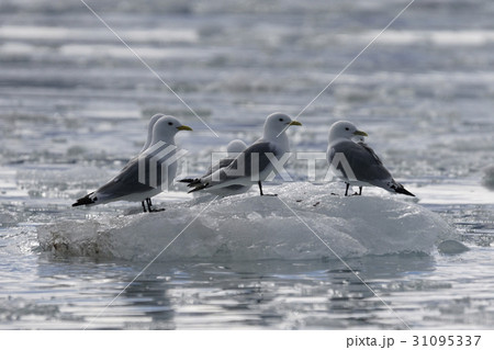Three cute fluffy white polar bears watching the sunset in natural habitat
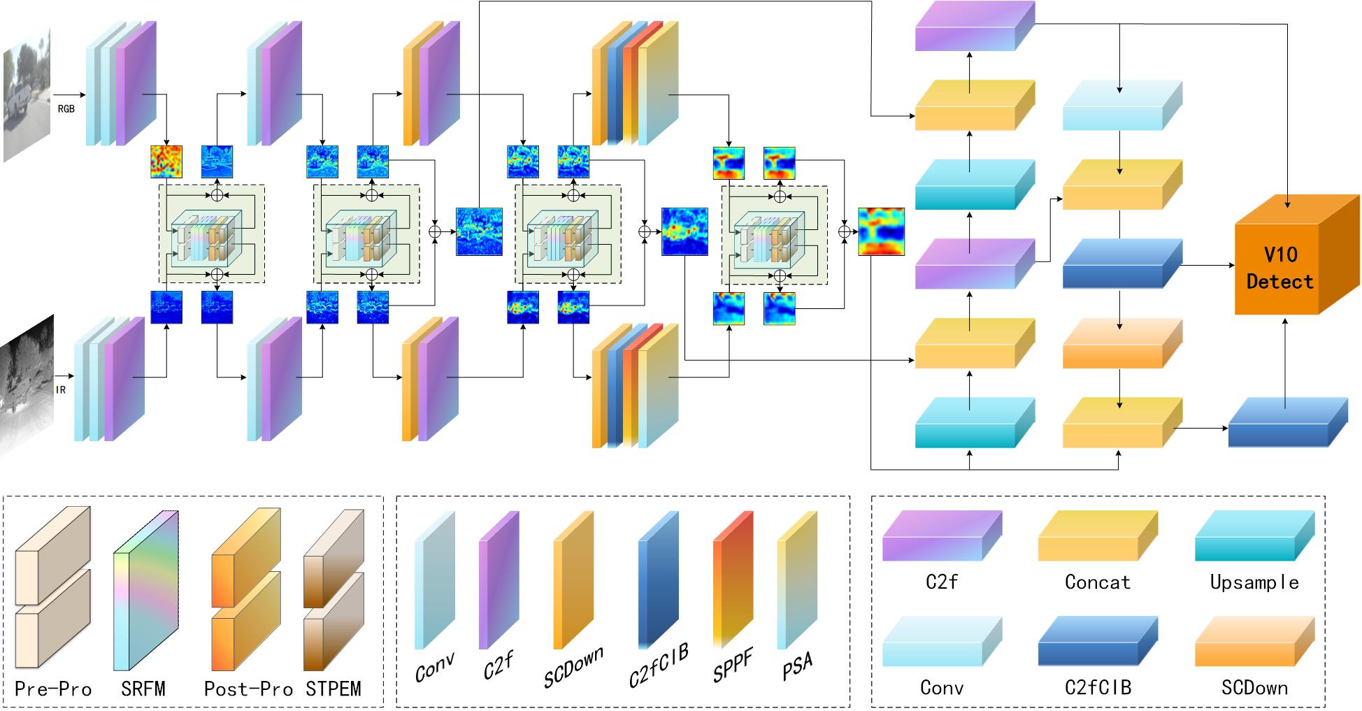 The SHPA architecture, as the core design of this algorithm, effectively processes visible and infrared spectral domain information through a dual-stream structure, laying the foundation for hierarchical perception and fusion of multi-scale features. This architecture is based on YOLOv10's excellent features and has been systematically improved for multi-modal perception.
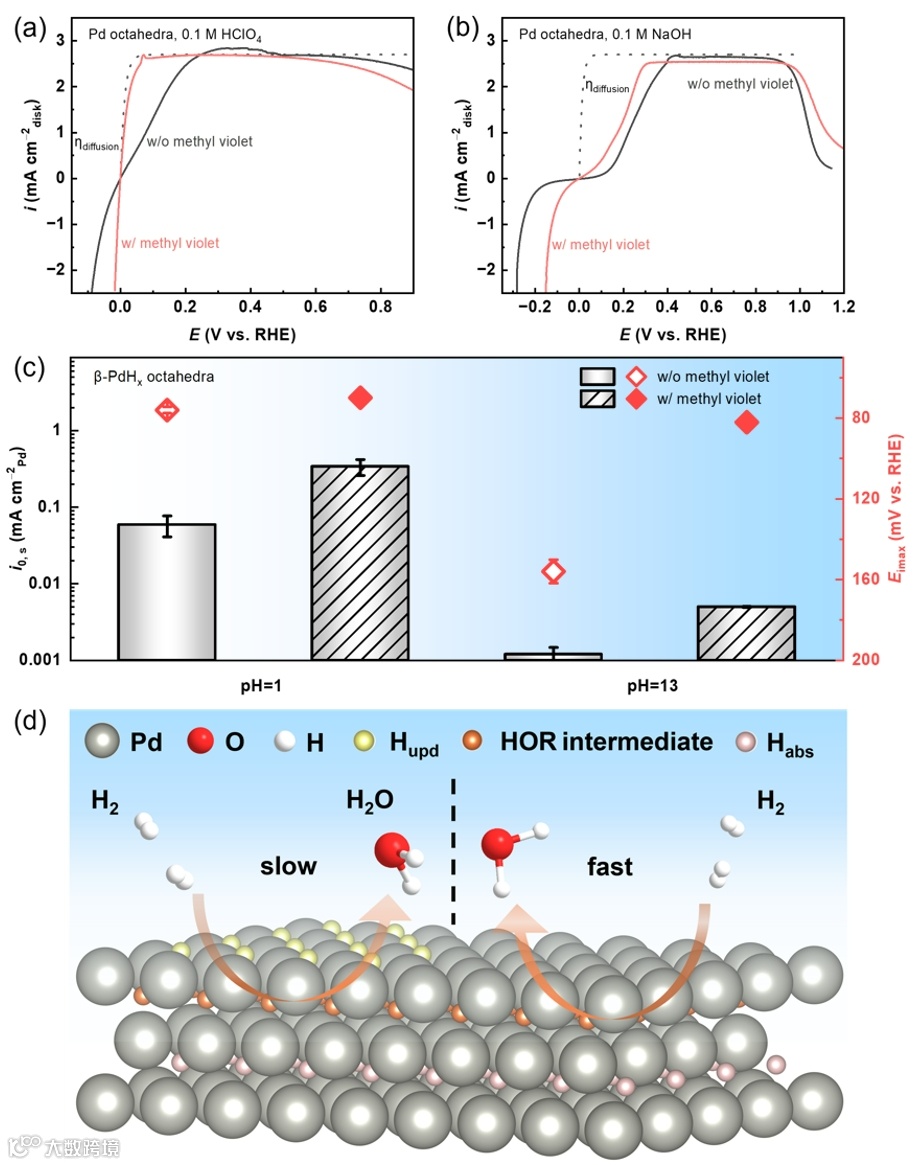 为了验证上述假设,我们使用Pd八面体和立方体作为模型催化剂,用甲基紫分子装饰催化剂表面,并研究表面改性影响下的Habs吸收/解吸行为和HOR活性的关系。在电极上修饰甲基紫分子后,酸性和碱性电解质中Pd八面体和立方体的Hupd峰均受到显著抑制,表明Pd表面Hupd位点已被甲基紫覆盖,Habs吸收/解吸的速率和可逆性在酸性和碱性电解质中都得到了显著增强,这些观察表明,甲基紫分子在Pd表面的修饰显著加速了Habs的吸收/解吸动力学。

_Activity:_ Write out the data above precisely. Pictures stay out.

_Problem solution:_
Three cute fluffy white polar bears watching the sunset in natural habitat
 The SHPA architecture, as the core design of this algorithm, effectively processes visible and infrared spectral domain information through a dual-stream structure, laying the foundation for hierarchical perception and fusion of multi-scale features. This architecture is based on YOLOv10's excellent features and has been systematically improved for multi-modal perception.
 为了验证上述假设,我们使用Pd八面体和立方体作为模型催化剂,用甲基紫分子装饰催化剂表面,并研究表面改性影响下的Habs吸收/解吸行为和HOR活性的关系。在电极上修饰甲基紫分子后,酸性和碱性电解质中Pd八面体和立方体的Hupd峰均受到显著抑制,表明Pd表面Hupd位点已被甲基紫覆盖,Habs吸收/解吸的速率和可逆性在酸性和碱性电解质中都得到了显著增强,这些观察表明,甲基紫分子在Pd表面的修饰显著加速了Habs的吸收/解吸动力学。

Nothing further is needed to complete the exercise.